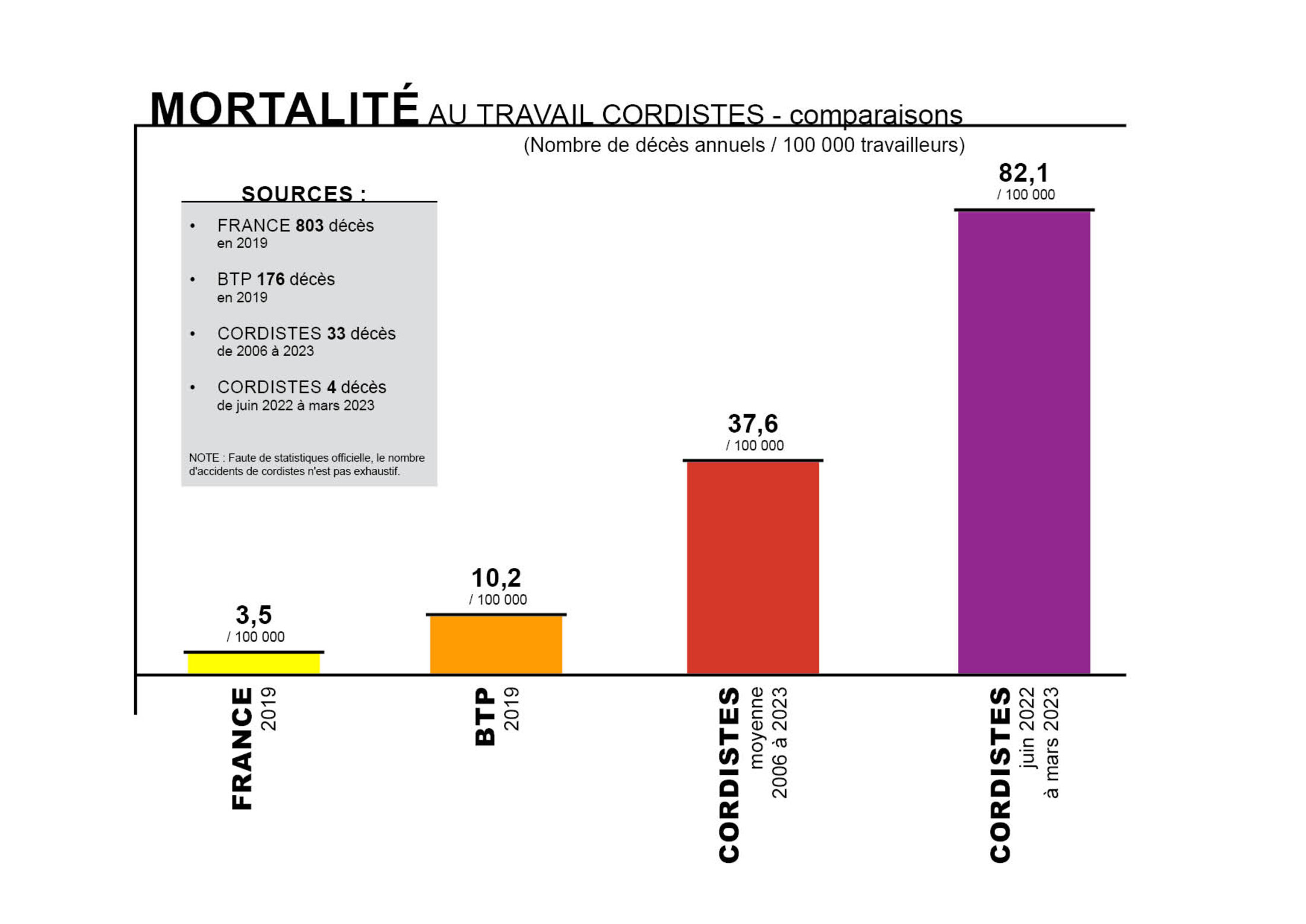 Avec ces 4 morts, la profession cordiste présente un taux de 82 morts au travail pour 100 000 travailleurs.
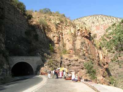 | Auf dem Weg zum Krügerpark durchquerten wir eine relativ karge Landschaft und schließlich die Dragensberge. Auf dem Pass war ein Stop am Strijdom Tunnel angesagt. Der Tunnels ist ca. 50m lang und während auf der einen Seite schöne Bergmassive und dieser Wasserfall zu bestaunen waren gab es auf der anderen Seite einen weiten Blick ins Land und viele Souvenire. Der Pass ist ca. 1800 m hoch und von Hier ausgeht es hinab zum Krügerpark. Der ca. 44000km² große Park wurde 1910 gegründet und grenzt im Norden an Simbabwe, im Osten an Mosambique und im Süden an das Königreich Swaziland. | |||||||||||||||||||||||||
==
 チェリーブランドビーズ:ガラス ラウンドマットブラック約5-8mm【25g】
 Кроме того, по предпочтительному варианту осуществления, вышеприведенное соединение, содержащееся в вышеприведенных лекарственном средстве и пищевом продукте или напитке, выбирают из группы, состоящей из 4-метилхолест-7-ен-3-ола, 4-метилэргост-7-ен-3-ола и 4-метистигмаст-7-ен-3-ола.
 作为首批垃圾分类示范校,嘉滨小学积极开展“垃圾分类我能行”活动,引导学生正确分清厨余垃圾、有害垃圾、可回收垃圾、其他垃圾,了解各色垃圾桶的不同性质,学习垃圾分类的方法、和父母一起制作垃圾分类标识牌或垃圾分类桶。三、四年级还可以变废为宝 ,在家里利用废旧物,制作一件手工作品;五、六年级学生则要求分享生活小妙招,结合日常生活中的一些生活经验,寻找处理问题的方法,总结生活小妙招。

• **TRY IT**: Would you print, exactly as written, every line above from the one holding "Кроме того, по" through the one holding "作为首批垃圾分类示范校,嘉滨", with both included and no other lines?

• **ANSWER FOR THE TASK**:
 Кроме того, по предпочтительному варианту осуществления, вышеприведенное соединение, содержащееся в вышеприведенных лекарственном средстве и пищевом продукте или напитке, выбирают из группы, состоящей из 4-метилхолест-7-ен-3-ола, 4-метилэргост-7-ен-3-ола и 4-метистигмаст-7-ен-3-ола.
 作为首批垃圾分类示范校,嘉滨小学积极开展“垃圾分类我能行”活动,引导学生正确分清厨余垃圾、有害垃圾、可回收垃圾、其他垃圾,了解各色垃圾桶的不同性质,学习垃圾分类的方法、和父母一起制作垃圾分类标识牌或垃圾分类桶。三、四年级还可以变废为宝 ,在家里利用废旧物,制作一件手工作品;五、六年级学生则要求分享生活小妙招,结合日常生活中的一些生活经验,寻找处理问题的方法,总结生活小妙招。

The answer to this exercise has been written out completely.